# [Exercise objective]
Go through the entries below and print, exactly, the lines starting at the one with "由於緬甸和泰國的國土有接壤,緬甸人押身分" and ending at the one with "Shi-chan is washing", keeping both ends and no others.

# [Records for the task]
****
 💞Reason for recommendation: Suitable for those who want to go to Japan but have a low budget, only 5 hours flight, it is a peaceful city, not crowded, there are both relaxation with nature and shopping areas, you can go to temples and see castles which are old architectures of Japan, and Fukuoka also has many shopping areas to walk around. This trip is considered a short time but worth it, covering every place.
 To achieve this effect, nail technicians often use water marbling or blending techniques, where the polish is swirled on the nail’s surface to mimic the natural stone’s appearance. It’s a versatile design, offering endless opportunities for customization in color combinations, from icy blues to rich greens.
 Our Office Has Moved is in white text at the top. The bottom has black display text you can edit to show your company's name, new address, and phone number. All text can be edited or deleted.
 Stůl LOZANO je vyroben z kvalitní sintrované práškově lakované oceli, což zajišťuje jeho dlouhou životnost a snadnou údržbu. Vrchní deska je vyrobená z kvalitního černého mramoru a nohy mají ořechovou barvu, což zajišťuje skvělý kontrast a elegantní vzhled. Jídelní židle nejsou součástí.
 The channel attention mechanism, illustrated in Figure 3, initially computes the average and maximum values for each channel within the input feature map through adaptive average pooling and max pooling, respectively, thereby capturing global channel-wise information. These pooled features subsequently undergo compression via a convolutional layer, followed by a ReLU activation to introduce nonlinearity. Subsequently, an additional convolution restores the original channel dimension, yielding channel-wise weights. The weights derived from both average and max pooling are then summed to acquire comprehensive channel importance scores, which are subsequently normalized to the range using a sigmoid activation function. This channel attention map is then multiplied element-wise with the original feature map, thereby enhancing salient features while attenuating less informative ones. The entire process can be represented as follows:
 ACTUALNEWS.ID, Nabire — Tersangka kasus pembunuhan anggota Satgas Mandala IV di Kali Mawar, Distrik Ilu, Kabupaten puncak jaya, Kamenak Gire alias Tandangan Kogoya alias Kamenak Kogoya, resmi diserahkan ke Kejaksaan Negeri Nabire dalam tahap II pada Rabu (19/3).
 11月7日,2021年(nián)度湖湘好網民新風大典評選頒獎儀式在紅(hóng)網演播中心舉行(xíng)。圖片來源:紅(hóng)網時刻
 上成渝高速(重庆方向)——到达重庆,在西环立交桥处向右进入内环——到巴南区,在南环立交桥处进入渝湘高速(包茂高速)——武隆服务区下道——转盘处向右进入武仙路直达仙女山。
****
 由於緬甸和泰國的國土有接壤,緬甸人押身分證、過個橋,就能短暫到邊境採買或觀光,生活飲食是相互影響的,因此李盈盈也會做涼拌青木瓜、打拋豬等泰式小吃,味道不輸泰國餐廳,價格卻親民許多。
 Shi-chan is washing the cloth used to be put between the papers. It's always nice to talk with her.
****
# [Result of the task]
 由於緬甸和泰國的國土有接壤,緬甸人押身分證、過個橋,就能短暫到邊境採買或觀光,生活飲食是相互影響的,因此李盈盈也會做涼拌青木瓜、打拋豬等泰式小吃,味道不輸泰國餐廳,價格卻親民許多。
 Shi-chan is washing the cloth used to be put between the papers. It's always nice to talk with her.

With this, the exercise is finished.